Projekt przewiduje, że rzeczoznawcą majątkowym będzie można zostać po ukończeniu studiów wyższych, czyli także po licencjackich. Obecnie zaś trzeba mieć co najmniej studia magisterskie. Parlamentarzyści pozostawili wprawdzie obowiązujący teraz wymóg ukończenia studiów podyplomowych w zakresie wyceny nieruchomości, ale nie wszyscy będą musieli je kończyć. Z tego obowiązku zwolnione zostaną osoby, które studiowały na kierunku obejmującym zajęcia z wyceny nieruchomości, potwierdzone suplementem do dyplomu lub zaświadczeniem uczelni. Przyszły rzeczoznawca będzie musiał – tak jak obecnie – ukończyć praktyki zawodowe, ale już skrócone do pół roku. I w tym wypadku przewidziano również wyjątki. Nie będą musiały ich odbywać osoby, które przeszły praktyki studenckie (realizowane na podstawie umowy zawartej między uczelnią a organizacją zawodową rzeczoznawców), a także mające dwuletnie doświadczenie związane z wyceną. Projekt przewiduje ponadto, że egzaminu dopuszczającego do zawodu rzeczoznawcy nie będą zdawały osoby, które otrzymają dyplom ukończenia studiów wyższych na kierunku obejmującym m.in. wycenę nieruchomości. Wystarczy, że ich wiedzę sprawdzi w postępowaniu kwalifikacyjnym uczelnia.
Deregulacja rzeczoznawców to przede wszystkim pomysł Bartłomieja Banaszaka, rzecznika absolwentów, ostatecznie zaakceptowany przez posłów. W trakcie prac nadzwyczajnej komisji stwierdził on, że obecne wymagania od kandydatów na rzeczoznawców są zbyt wygórowane i w zupełności wystarczy np. licencjat oraz odpowiednia ilość zajęć z wyceny.
– Tryb wprowadzenia tych zmian jest niedopuszczalny – twierdzi Krzysztof Bratkowski, prezydent Polskiej Federacji Stowarzyszeń Rzeczoznawców Majątkowych. Tłumaczy, że pierwotnie projekt rządowy w ogóle nie przewidywał deregulacji tego zawodu. – Nikt z nami ich nie konsultował. To skandal. Tak nie powinno się tworzyć prawa.
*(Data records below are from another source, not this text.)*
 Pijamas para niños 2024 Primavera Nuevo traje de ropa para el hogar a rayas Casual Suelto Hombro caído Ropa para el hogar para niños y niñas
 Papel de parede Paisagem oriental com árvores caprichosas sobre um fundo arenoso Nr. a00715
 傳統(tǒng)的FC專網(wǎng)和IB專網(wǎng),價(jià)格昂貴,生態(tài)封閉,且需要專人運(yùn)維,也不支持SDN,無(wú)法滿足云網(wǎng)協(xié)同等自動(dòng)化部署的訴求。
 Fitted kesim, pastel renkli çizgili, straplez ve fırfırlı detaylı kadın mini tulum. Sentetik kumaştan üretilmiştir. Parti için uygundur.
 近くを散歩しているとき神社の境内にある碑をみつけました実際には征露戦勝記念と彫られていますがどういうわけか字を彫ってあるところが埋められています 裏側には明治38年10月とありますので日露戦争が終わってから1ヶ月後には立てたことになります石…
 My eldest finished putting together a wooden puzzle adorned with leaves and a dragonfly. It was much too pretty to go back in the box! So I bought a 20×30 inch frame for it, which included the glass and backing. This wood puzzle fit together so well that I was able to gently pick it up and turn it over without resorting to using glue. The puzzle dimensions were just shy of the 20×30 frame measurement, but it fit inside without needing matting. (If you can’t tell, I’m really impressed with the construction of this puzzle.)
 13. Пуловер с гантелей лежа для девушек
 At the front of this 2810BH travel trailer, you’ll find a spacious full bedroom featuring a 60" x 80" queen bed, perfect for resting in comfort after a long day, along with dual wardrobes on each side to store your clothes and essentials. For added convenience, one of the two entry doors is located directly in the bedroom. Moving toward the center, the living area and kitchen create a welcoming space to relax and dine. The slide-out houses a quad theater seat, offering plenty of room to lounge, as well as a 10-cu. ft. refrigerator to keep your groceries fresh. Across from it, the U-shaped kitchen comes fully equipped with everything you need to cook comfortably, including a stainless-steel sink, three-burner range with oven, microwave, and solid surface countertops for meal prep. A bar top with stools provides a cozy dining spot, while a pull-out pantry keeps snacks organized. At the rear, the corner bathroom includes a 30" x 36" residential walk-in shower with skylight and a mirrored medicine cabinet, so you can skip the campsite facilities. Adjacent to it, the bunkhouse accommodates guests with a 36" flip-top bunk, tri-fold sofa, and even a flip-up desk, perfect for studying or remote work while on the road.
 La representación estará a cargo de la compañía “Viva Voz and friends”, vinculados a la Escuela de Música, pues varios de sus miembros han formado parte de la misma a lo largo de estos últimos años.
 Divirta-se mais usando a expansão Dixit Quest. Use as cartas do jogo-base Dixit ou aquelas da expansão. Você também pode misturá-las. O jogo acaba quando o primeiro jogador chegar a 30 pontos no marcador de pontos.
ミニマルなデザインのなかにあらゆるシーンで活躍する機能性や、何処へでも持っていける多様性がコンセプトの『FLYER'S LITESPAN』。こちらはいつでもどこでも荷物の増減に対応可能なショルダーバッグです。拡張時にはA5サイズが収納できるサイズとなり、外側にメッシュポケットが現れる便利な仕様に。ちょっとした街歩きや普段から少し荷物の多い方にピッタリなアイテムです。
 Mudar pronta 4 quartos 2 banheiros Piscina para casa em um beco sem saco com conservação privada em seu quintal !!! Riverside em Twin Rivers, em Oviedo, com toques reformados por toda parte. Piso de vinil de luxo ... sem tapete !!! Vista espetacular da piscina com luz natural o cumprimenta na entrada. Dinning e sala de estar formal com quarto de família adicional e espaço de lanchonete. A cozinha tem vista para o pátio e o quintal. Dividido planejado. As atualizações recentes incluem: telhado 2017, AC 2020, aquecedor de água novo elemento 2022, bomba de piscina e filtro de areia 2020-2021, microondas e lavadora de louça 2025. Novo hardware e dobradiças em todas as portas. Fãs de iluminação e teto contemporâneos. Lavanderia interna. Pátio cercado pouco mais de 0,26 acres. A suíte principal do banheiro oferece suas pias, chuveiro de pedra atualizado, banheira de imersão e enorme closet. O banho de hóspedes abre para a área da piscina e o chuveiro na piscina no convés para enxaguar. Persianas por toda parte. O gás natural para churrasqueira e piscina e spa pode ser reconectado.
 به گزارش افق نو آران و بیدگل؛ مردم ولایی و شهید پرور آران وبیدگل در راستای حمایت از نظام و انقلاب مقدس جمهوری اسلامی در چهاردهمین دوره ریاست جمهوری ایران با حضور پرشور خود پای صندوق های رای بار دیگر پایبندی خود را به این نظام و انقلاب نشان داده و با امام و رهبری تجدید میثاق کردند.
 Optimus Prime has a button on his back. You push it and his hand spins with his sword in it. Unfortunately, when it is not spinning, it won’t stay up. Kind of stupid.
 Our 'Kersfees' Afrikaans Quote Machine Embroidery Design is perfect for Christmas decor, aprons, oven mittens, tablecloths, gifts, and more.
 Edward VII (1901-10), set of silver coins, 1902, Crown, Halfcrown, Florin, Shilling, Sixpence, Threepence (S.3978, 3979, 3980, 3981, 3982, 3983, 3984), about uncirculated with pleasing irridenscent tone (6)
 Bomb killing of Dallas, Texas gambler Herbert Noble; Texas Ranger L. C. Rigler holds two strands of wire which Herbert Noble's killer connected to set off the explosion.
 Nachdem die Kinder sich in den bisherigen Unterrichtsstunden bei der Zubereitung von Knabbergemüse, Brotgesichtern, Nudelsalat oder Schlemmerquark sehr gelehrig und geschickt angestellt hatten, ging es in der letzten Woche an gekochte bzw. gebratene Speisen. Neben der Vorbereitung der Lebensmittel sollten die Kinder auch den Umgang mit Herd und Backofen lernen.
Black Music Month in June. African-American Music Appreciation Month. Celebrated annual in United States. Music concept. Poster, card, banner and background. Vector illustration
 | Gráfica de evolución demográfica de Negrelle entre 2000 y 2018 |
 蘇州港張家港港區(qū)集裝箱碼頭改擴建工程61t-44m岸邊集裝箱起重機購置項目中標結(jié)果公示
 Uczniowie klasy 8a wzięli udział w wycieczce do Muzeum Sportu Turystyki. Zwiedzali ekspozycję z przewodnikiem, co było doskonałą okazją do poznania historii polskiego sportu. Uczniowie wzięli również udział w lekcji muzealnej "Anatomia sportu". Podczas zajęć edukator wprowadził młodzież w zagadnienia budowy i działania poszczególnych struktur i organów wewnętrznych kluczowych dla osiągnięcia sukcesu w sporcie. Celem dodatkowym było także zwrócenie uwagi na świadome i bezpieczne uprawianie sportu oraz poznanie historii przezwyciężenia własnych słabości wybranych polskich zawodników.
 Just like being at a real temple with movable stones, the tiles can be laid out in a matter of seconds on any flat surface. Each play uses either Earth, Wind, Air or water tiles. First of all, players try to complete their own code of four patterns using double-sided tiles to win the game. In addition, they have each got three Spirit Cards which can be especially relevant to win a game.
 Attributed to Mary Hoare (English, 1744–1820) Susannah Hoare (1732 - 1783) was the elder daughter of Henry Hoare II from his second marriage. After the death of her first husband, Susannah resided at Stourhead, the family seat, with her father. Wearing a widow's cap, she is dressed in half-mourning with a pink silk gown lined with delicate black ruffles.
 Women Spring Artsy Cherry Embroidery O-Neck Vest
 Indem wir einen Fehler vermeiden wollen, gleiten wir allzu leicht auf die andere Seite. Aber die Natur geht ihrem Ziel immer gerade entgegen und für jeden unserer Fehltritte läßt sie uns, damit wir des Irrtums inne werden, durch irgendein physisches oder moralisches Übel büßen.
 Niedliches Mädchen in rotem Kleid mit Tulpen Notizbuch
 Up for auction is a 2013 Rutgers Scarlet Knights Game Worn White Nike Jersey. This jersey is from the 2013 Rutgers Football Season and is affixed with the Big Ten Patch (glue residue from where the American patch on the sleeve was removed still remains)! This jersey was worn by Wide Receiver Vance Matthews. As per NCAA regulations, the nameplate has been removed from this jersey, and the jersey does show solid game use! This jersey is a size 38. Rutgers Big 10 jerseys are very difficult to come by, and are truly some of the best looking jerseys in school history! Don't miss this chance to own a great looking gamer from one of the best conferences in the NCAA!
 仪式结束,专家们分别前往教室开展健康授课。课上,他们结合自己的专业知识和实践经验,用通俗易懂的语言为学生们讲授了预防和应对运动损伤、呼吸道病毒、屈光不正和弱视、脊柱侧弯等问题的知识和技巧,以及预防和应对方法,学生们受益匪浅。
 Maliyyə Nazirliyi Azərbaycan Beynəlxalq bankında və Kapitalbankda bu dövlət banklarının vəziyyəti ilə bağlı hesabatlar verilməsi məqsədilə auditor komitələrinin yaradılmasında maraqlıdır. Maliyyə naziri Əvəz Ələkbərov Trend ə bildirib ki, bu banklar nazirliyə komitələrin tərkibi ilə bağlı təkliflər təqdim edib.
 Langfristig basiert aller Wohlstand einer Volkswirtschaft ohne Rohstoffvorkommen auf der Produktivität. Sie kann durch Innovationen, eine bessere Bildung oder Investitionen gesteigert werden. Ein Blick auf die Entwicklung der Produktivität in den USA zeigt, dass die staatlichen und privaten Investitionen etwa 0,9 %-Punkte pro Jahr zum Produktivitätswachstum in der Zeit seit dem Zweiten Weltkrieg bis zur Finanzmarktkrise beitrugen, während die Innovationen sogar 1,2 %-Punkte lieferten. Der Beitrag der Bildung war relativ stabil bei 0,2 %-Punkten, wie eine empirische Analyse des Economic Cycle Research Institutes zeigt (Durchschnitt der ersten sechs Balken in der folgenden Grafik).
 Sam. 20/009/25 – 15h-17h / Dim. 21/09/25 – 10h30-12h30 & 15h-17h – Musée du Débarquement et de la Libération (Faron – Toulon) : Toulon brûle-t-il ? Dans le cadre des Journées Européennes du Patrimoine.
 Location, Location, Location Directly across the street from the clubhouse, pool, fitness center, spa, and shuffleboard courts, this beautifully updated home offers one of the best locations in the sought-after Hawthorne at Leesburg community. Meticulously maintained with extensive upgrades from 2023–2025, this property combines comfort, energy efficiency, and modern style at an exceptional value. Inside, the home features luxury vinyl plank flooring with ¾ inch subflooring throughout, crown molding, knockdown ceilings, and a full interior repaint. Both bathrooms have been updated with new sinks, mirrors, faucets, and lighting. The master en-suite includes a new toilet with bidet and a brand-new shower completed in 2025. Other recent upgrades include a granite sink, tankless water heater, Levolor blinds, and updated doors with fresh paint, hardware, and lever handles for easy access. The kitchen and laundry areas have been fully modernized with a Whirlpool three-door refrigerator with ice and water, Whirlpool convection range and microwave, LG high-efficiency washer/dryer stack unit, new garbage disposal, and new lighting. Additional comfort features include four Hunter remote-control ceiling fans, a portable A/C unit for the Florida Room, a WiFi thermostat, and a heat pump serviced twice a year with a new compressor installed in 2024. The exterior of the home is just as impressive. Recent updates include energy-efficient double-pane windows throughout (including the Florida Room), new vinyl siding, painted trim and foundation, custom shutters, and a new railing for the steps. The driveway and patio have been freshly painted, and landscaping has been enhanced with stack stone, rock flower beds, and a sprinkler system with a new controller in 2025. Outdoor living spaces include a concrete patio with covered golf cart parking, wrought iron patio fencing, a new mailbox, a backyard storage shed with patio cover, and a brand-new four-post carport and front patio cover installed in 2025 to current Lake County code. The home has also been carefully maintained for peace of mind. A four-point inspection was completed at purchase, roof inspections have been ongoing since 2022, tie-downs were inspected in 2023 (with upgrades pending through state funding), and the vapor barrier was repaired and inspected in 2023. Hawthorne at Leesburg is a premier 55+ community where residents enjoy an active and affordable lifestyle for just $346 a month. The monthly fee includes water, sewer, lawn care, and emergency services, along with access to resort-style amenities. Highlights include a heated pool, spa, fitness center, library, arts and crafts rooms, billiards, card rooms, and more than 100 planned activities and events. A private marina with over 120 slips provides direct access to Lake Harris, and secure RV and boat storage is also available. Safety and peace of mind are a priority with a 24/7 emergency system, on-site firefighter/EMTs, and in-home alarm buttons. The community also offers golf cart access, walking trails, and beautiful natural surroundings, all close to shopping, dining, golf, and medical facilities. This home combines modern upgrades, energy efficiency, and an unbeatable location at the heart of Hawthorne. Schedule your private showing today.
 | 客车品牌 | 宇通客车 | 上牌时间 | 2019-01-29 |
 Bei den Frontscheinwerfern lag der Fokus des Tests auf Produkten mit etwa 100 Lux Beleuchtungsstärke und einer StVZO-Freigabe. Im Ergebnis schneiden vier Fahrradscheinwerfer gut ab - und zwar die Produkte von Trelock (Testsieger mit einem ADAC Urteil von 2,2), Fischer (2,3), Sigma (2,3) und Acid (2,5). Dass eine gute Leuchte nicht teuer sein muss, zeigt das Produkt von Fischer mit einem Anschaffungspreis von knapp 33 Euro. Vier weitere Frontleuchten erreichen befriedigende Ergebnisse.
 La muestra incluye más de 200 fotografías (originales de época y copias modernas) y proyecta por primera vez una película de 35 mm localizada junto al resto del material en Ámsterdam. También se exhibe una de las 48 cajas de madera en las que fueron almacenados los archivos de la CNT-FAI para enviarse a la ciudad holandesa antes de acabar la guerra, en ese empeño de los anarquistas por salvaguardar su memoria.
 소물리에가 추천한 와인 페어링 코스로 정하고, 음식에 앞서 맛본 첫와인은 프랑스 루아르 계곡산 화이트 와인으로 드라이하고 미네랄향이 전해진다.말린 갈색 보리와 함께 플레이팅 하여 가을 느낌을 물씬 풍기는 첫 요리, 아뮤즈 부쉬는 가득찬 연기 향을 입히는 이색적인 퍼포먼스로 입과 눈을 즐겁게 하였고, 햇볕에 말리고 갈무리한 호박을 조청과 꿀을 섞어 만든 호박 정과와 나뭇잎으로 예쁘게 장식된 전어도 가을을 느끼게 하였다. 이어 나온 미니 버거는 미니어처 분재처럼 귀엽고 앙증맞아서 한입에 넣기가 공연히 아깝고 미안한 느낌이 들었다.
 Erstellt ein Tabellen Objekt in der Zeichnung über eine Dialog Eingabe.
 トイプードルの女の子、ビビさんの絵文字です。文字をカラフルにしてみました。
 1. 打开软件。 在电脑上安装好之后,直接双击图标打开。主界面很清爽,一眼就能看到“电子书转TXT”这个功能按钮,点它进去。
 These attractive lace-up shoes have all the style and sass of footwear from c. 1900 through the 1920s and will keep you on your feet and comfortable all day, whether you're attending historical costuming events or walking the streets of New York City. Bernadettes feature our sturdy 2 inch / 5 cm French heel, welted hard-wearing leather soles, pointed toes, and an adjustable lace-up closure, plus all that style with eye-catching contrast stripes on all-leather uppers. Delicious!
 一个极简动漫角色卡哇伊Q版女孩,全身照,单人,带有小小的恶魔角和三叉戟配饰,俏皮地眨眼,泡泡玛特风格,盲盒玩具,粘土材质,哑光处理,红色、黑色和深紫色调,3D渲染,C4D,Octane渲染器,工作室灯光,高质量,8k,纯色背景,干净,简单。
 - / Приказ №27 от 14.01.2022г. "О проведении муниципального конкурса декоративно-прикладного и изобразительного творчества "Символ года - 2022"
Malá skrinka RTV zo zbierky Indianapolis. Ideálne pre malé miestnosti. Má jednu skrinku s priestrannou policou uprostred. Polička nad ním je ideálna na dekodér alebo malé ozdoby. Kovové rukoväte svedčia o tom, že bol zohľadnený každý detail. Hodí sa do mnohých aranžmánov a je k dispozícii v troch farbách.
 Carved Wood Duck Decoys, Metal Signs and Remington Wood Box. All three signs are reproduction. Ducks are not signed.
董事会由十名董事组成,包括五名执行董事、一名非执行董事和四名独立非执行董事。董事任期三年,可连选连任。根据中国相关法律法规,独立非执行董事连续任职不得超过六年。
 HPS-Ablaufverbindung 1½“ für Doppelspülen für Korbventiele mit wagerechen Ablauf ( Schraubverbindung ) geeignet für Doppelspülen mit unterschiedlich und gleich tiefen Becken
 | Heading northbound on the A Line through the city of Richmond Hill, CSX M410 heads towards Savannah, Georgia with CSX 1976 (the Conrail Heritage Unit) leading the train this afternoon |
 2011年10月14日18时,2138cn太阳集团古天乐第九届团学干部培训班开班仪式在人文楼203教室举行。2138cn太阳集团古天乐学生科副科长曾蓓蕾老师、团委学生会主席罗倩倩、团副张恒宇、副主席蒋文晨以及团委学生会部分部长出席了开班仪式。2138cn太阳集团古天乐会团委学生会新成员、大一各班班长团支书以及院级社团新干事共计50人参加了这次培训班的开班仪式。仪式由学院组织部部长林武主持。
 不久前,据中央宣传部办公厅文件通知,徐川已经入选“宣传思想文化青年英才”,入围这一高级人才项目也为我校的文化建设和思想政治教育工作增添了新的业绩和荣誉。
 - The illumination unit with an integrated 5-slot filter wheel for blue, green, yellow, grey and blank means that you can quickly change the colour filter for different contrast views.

Jeżeli ustawa zostanie uchwalona w takim kształcie, złożymy skargę do Trybunału Konstytucyjnego – zapowiada.
– Nie wyobrażam sobie, że osoba tuż po studiach, tylko po praktyce zawodowej, ma wyceniać majątek wart miliony złotych – dodaje Krzysztof Urbańczyk, rzeczoznawca majątkowy. – Ta ustawa nie przysporzy nowych miejsc pracy – uważa.